Top dollar Texas cops
Copyright 2006 The Houston Chronicle Publishing Company
HOUSTON, Texas — Arresting drunken drivers and securing their conviction is a laudable police goal, but it appears some Houston police officers have received extraordinarily large overtime payments for off-duty court appearances. The practice raises questions about HPD's management of scarce law enforcement resources and department policies that may have encouraged wasteful expenditures.
As reported by the Chronicle's Matt Stiles and Steve McVicker, Senior Houston police officer William Lindsey, a member of the HPD DWI task force, received more than $100,000 in overtime last year, giving him a total income of $172,000, higher than the city salary of Mayor Bill White and only slightly less than HPD Chief Harold Hurtt. Lindsey's overtime for 2005 is nearly half that of the $300,000-plus total paid to eight other DWI task force members. The veteran officer also racked up substantial totals for the previous two years. He was suspended for 15 days in 1990 for filing inaccurate overtime claims.
The figures raise concerns that some officers might be working so many hours that exhaustion may lower their ability to do their job safely. DWI task force members work evenings and early mornings when drunken driving most frequently occurs. They receive overtime for daytime court appearances after their regular shifts. HPD officials did not explain why Lindsey's overtime totals were so much higher than his colleagues.
According to the Chronicle investigation, several Houston police procedures have contributed to the large overtime billings. Unlike the Texas Department of Public Safety, which trains all troopers in DWI-related arrest procedures, such as administration of breathalyzers and sobriety tests, HPD only trains DWI task force members in these techniques. While DPS generally uses only one officer for a drunken driving arrest, HPD tends to involve more personnel in arrests and subsequent testimony in court, resulting in higher overtime totals.

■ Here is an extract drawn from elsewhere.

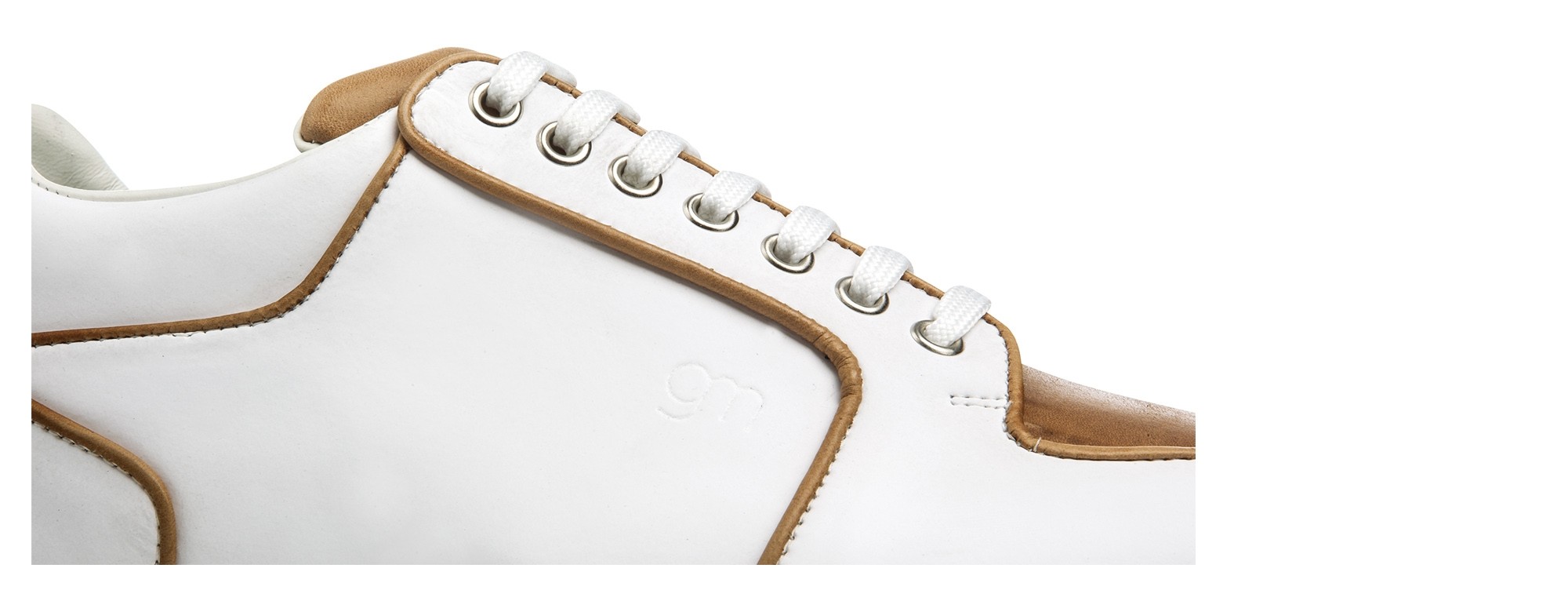 Dynamic and captivating, the new GuidoMaggi elevator sneakers for men are a masterpiece of style. The upper is made of soft rubberized white calfskin and brown vegetable tanned full-grain leather. A very springy and fresh elevator model, ideal for any casual chic outfit. The ultra-light and comfortable white sole is in natural rubber. Up to 3.1 inches (8 centimetres) of extra height in total comfort and discretion, 100% handmade in Italy.

While officers defend the practices as necessary to put drunken drivers in jail, the number of DWI arrests by HPD officers has declined by nearly half in past decades from a peak of 12,600 in 1985. Defense attorneys who represent drunken drivers contend that the task force officers are gaming the system to rake in big bucks for sitting in court. "These guys are like small-town speed traps," DWI lawyer Sam Adamo told the Chronicle. While other officers work off-duty security jobs, "these guys don't have to, because they're making so much money coming down to the courthouse."
Chief Hurtt says the high overtime totals are unavoidable because of understaffing in the police department. Perhaps that's so, but when the HPD indians are making almost as much as the chief for sitting in court, a financial sobriety test of DWI task force policies and procedures is in order.